§ Problem statement: Under this line is some data; print exactly the lines from the one containing "Aita for divorcing" through its last line, without pictures.

§ Recorded data:

=== Section Start ===

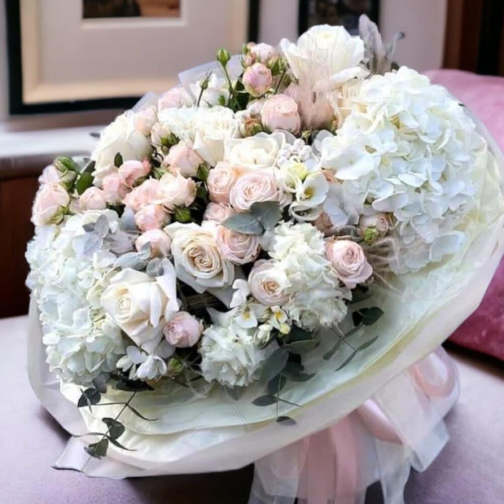 “Эвкалиптическая роскошь” гортензия и пионовидная кустовая роза
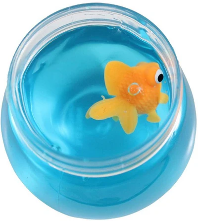 Slime is a great tactile sensory toy. Kids and/or those who need sensory stimulation love to play with wet, drippy, gooey slime. This blue slime imitates water in a goldfish bowl, and has a soft goldfish figure ‘swimming’ in it. The goldfish bowl is also a storage container for the slime.
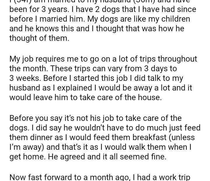 Aita for divorcing my husband for leaving my dogs outside
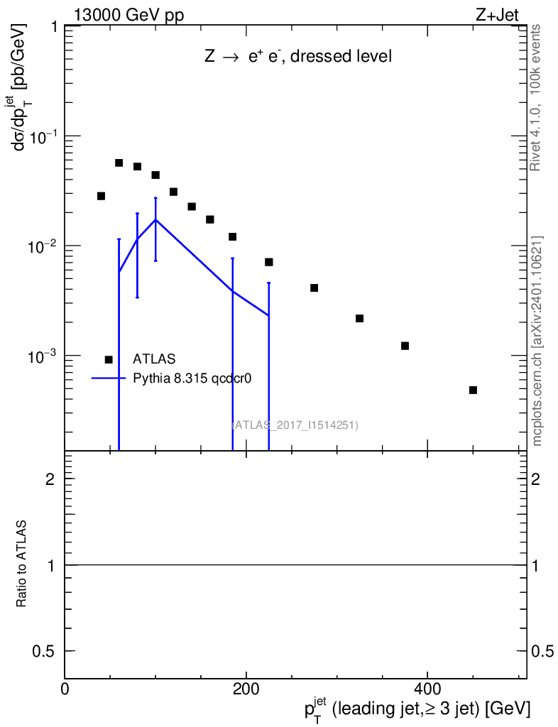 Lines: data, pythia8 8.315 qcdcr0 |

=== Section End ===

§ Reply:
 Aita for divorcing my husband for leaving my dogs outside
 Lines: data, pythia8 8.315 qcdcr0 |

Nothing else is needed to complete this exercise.